The findings that I made in my own investigation that I present in the book were to an extent corroborated by the German investigation, which is the only European investigation into this case. still ongoing and there will be a massive trial soon in Germany where a Ukrainian suspect will be put in the dock and I think a lot of what I report exclusively in my book will then come to light. from official agencies of the German government, the prosecutors, the police, etcetera.
Right. I mean it was a very audacious attack and it looks as if it would have been quite difficult to carry this out. I I think in your book you reveal that actually it was a a female diving instructor that was instrumental to it being a success. Can you tell us that story?
Absolutely. So initially they realized they couldn't find deep sea divers within the special forces.
because uh deep sea divers are people who can go a hundred meters below the surface of the ocean and that's a kind of a rare skill and it requires a specialized skill set and training. So in the end they decided to recruit civilians And they put together a group of extremely experienced divers, among whom was the sole female member of this operation, this woman who became in fact instrumental because she encouraged the crew to dive in a kind of a very dangerous
Storm.
And is it true that many of the people involved wanted to call it off at that point because it was too dangerous and she's the one that said no, let's carry on.

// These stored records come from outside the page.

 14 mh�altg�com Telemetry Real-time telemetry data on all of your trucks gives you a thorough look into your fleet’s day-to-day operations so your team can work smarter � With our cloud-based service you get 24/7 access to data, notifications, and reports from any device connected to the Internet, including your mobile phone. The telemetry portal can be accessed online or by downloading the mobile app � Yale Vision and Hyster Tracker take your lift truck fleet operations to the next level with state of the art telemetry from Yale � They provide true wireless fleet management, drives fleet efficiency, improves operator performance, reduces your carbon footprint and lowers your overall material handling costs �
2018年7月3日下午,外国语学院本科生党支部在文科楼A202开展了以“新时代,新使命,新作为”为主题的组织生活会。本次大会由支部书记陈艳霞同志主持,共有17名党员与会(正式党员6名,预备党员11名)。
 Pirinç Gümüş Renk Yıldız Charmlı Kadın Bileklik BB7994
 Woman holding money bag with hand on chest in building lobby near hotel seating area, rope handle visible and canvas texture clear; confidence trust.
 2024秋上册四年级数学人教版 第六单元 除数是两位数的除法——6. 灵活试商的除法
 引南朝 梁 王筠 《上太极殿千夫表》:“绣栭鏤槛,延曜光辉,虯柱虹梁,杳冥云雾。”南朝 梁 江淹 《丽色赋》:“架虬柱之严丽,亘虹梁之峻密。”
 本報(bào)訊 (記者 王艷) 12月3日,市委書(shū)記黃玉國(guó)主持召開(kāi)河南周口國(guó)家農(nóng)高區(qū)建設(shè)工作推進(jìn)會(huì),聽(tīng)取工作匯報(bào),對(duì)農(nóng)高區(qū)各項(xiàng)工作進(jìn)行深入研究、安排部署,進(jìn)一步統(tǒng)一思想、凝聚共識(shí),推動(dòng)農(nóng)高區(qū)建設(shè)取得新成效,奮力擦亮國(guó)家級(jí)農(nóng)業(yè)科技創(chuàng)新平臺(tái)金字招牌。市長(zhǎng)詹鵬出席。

That's what they told me. At one point during the storm they had s something akin to vote on the boat because the skipper was worried about letting them dive in the weather. And the divers were not terribly keen as well. And that's when the woman stood up and said uh that she was willing to do it herself, which I think embarrassed perhaps the man into doing it after all.
But what does this and other attacks tell us about the shape and the tactics, the strategies in modern warfare, particularly in Europe?
Look, this attack was an absolute watershed moment because prior to this, infrastructure of that size, you know, mega infrastructure, critical infrastructure has never even been attempted before. And the Ukrainians proved that it's not only possible but it's kind of relatively easy if you find people with the right skill set who are willing to put their lives on the line for the mission. So the the whole thing costs of around two hundred fifty thousand dollars.
Which is incredibly cheap, especially if you consider that the pipeline system costs twenty billion to build. And I think increasingly we'll be seeing this type of shadow warfare, hybrid warfare, asymmetric warfare. And we have been seeing it. I mean Europe has been facing Russian operations on its soil. I mean you saw the B B C I think revealed recently that properties belonging to Kies Tar.
Yeah.
Prime Minister had been torched by people ultimately hired by the Russian Secret Services. And finally, this is also something very typical for the Ukrainian war of defence. against Russian aggression because they're facing a superior enemy, numerically superior in terms of resources, and they have to resort to asymmetric methods. to damage the war effort of the Russians. And a few days before this interview the Ukrainians destroyed the Russian refinery in Moscow.
But that does throw up moral questions too, doesn't it, for the Ukrainians and their allies.
The Ukrainians say this was critical infrastructure belonging to Russia and fueling cash to Russia and therefore it was a perfectly legitimate target. And they will say they're attacking infrastructure like that every day. So they will say, you know, it's fair game, but you know, in this new age of warfare it the ethical issue will become a moot point in today's warfare.
Oyan Panchewski, their Europe correspondent for the Wall Street Journal. His new book, The Nord Stream Conspiracy, is out now. That's it for this edition. Thanks very much for joining us wherever you are in the world.